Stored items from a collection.
# # # #

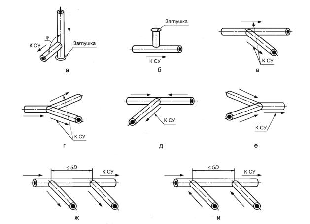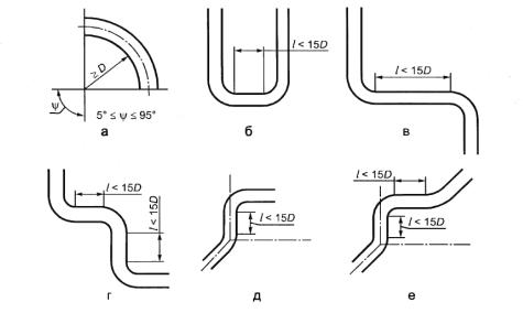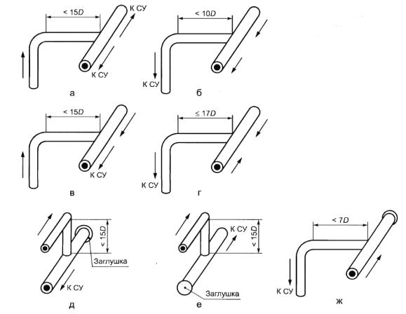 Рисунок 3 - Примеры определения необходимых длин прямолинейных участков ИТ (см. 6.2.9) 6.3 Струевыпрямители и устройства подготовки потокаДля уменьшения длины прямолинейных участков ИТ до трубы Вентури могут быть применены струевыпрямители или УПП. Допускается использовать только те виды струевыпрямителей или УПП, которые прошли испытания на соответствие требованиям ГОСТ 8.586.1 (приложение Ж). В любом случае испытания следует проводить с применением трубы Вентури. 6.4 Дополнительные требования к установке труб Вентури6.4.1 Округлость и цилиндричность трубы6.4.1.1 На участке ИТ длиной не менее 2D, расположенном непосредственно перед входной торцевой цилиндрической частью трубы Вентури, ни одно значение диаметра в любой плоскости на данном отрезке не должно отличаться от среднего значения внутреннего диаметра ИТ более чем на 2 %. 6.4.1.2 Среднее значение внутреннего диаметра ИТ, примыкающего к трубе Вентури, должно отличаться не более чем на 1 % значения среднего диаметра входного цилиндрического участка трубы Вентури (см. 5.2.2). 6.4.1.3 Внутренний диаметр ИТ, расположенный непосредственно за трубой Вентури, должен быть не менее 90 % диаметра на срезе ее диффузора. Это означает, что могут быть использованы трубопроводы с таким же диаметром отверстия, как и у выходного сечения диффузора трубы Вентури. 6.4.2 ШероховатостьОтносительная шероховатость ИТ на длине не менее 2D до трубы Вентури должна удовлетворять условию Ra/l D ≤ 3,2∙10-4. 6.4.3 Крепление трубы ВентуриСмещение оси ИТ перед трубой Вентури относительно оси трубы Вентури, измеренное в плоскости стыка трубопровода с цилиндрическим участком А трубы Вентури, должно быть не более 0,005 D. Взаимный перекос осей трубы Вентури и ИТ должен быть не более 1 %. Сумма указанного осевого смещения и половины отклонения диаметра (см. 6.4.1.2) ИТ от среднего значения диаметра цилиндрического участка А должна быть не более 0.0075 D. Приложение
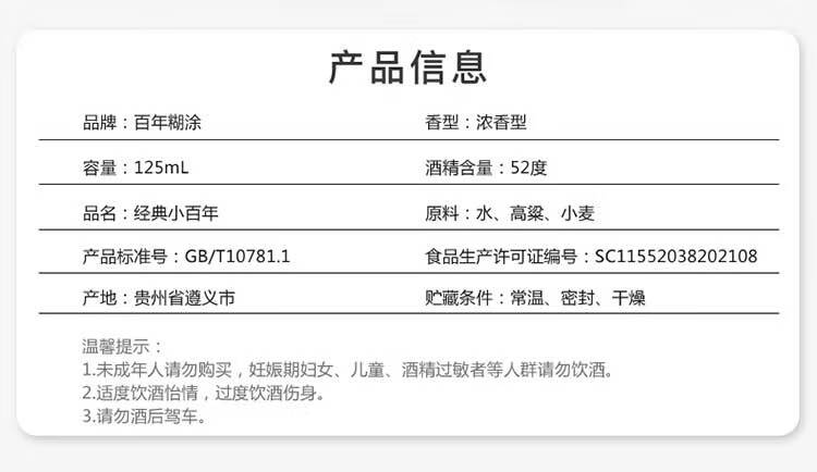 包装:瓶装;容量:375mL及以下;香型:浓香型;产地:贵州;度数:50度及以上;酒精度:52%vol;容量:125ml;产品重量:298g;包装清单:无;
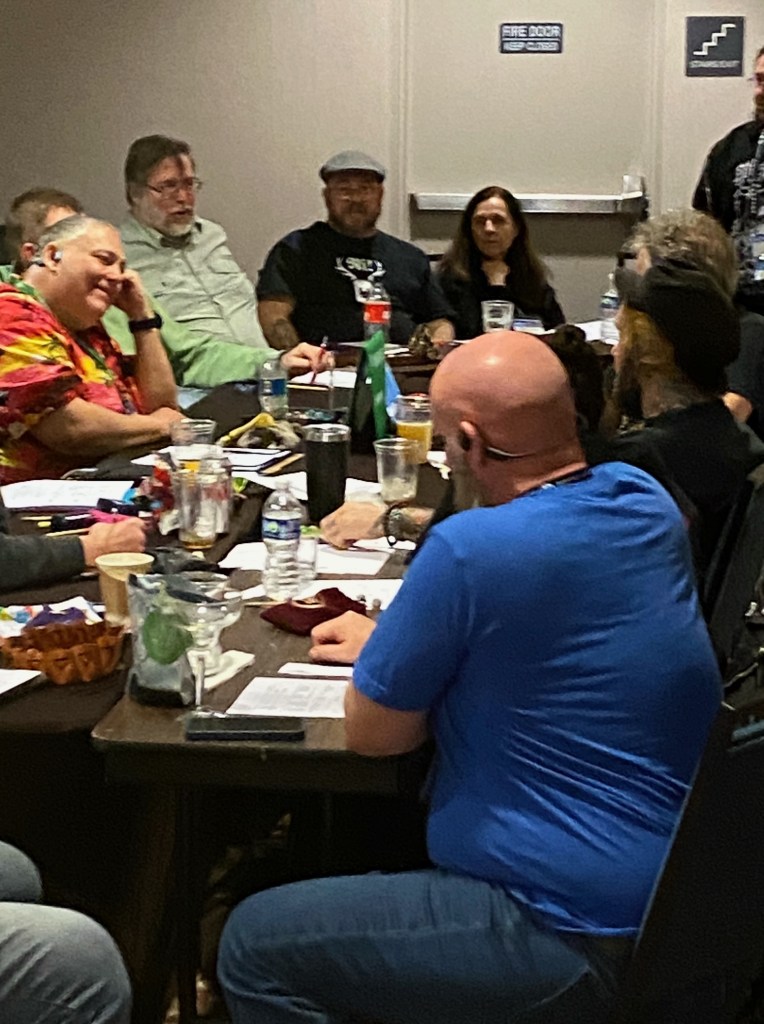 Sunday morning had a change of schedule for me. Kelsi Dione became sick and could not run her game. Fortunately for us, Baron de Ropp stepped up and ran a fantastic game for us in the morning. His game was incredible. He kept everyone engaged and participating, the pace was just right, made it exciting and extremely fun. If you want to check out Shadowdark, you can get more information here: https://www.thearcanelibrary.com/
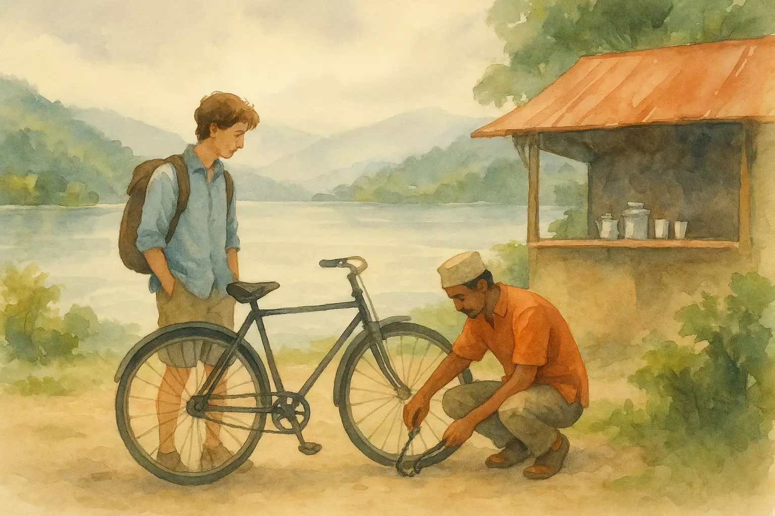 A student staying in Pokhara rents a bicycle to explore the lakeside, faces a minor breakdown, receives help from locals, and learns that kindness makes the trip memorable. He returns the bike late but is treated fairly due to his honesty.
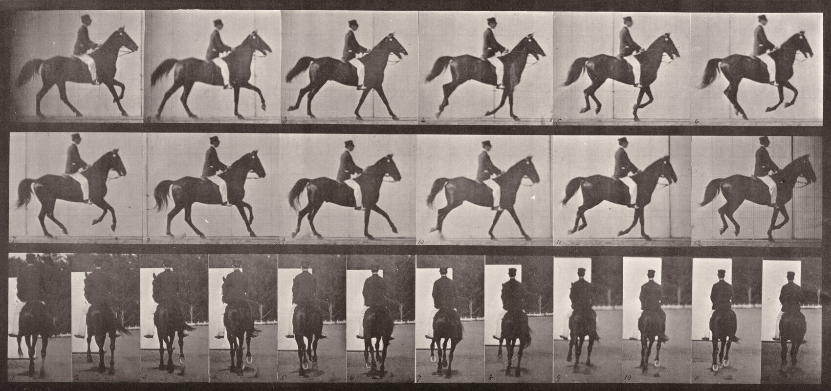 DescriptionGrid composed of 24 images in 3 rows. The top two rows are images of a rider on horseback made in rapid succession. The bottom row depicts the rider and horse from the backside, facing away from the viewer.ProvenanceHallmark Cards, Inc., Kansas City, MO, 1975;
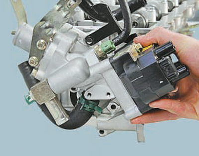 5. Снимите корпус термостата (в сборе с катушкой зажигания) и установленную под ним прокладку.
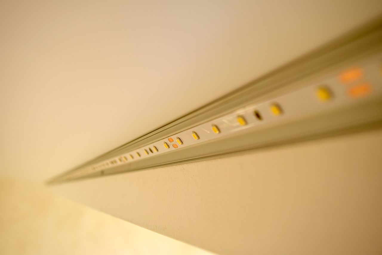 Дополнительное светодиодное освещение в многоуровневом потолке из гипсокартона. Зонирование помещения вертикальными линиями света.

# # # #

Word for word, retype the lines from the one that contains "5. Снимите корпус" through the final line of the data, both ends included, excluding pictures.

Solution to this task.
 5. Снимите корпус термостата (в сборе с катушкой зажигания) и установленную под ним прокладку.
 Дополнительное светодиодное освещение в многоуровневом потолке из гипсокартона. Зонирование помещения вертикальными линиями света.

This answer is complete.